Такое ощущение, будто трагичность ее бытия стала явной для всех, особенно кольца подчеркивали это…

Она жила в комнате на втором этаже, украшенной белым мраморным камином и служившей некогда дневной гостиной. Это была лучшая комната второго этажа, и дядя Вильгельм хотел, чтобы именно она досталась ей. Она стояла на балконе, а медсестра — у нее не хватило сил расстаться с ней — прибирала в комнате.

Она хотела войти в комнату. Но снова, снова это причудливое состояние: то, что она двигалась, то, что она вошла через дверь и вышла, рисовалось ей как нечто такое, чему она не находила слов: нелепость? Стало больно, боль расползалась по всему телу, снова ощущение беспомощности, безотрадности — нет у нее цели, ради которой стоило бы жить. Пока она спокойно стояла на балконе и наблюдала, погрузившись в свои мысли, боль была, но как бы не проявляла себя активно. Но теперь она повернулась, двигалась, тем самым она как бы приветствовала наступление дня, признавала его бытие, как бы шла на уступки всему тому, к чему питала неприятие — итак, настоящая бессмысленность. Явное противоречие! С одной стороны, состояние безграничного несчастья, когда не в силах дожить один день до конца, а с другой стороны, захотелось войти в комнату, потому что снаружи похолодало. Противоречивость отозвалась болью.

Раньше она почитала за счастье, если ей удавалось объяснить себе свою боль, отыскать ее причину. Работа ума оказывала положительное воздействие — но не теперь.

Доктор Врангель пришел сегодня, так что было чем заняться… Доктор Врангель, ах, ах! Когда она возвратилась домой, ее осматривал давний друг семьи, домашний врач профессор Блох.
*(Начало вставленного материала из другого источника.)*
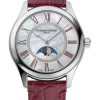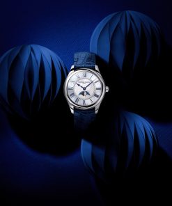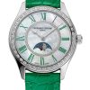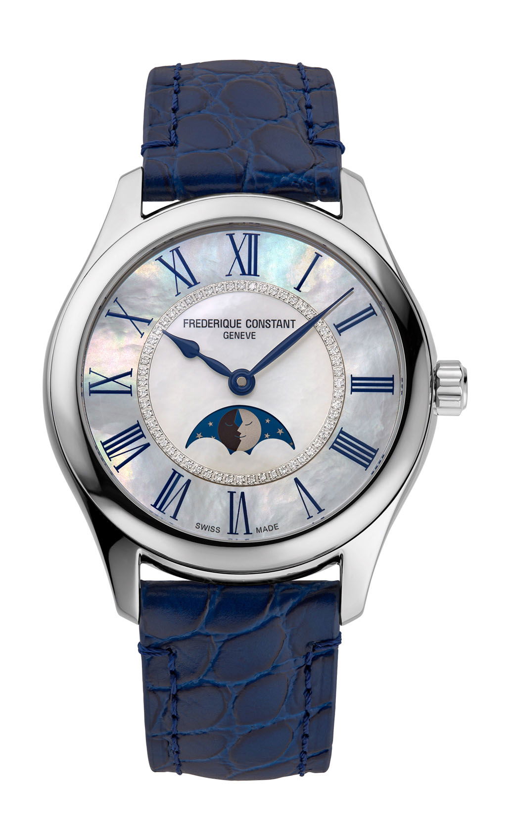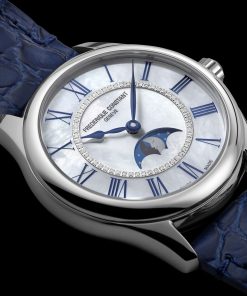 This lunar display, situated at 6 o’clock, features a unique lunar disc in shades of gray exclusively made for Frederique Constant. The steel case, highlighted with silver accents, matches the mother-of-pearl dial, reflecting pink, light green, blue, or grey hues, casting a mesmerizing play of light. The Classics Elegance Luna features a novel hour ring, replacing traditional Arabic numerals with slender Roman counterparts, matching the color of the leather strap. The watches in this collection are 36 millimeters in diameter and self-winding. They are powered by the FC-331 caliber and have a 38-hour power reserve.

Потом он уехал и рекомендовал этого Врангеля, сына городского лекаря, в роду у них почти все были врачами. Она наблюдала за ним и думала, не это ли потомственное общение со смертью превратило его в такого человека. Впрочем, он был настолько красив, что любая женщина почитала бы за счастье лишь находиться вблизи него. Высокий, широкоплечий, но худощавый. Походка легкая, по лестнице он не шел, а будто взлетал, как двадцатилетний, в свои сорок пять. Он был лыжником. Лицо у него было худое и суровое, можно подумать, что он был командиром эскадрона. Но вокруг рта было нечто скорбное, часто он выглядел безутешным, этот рот.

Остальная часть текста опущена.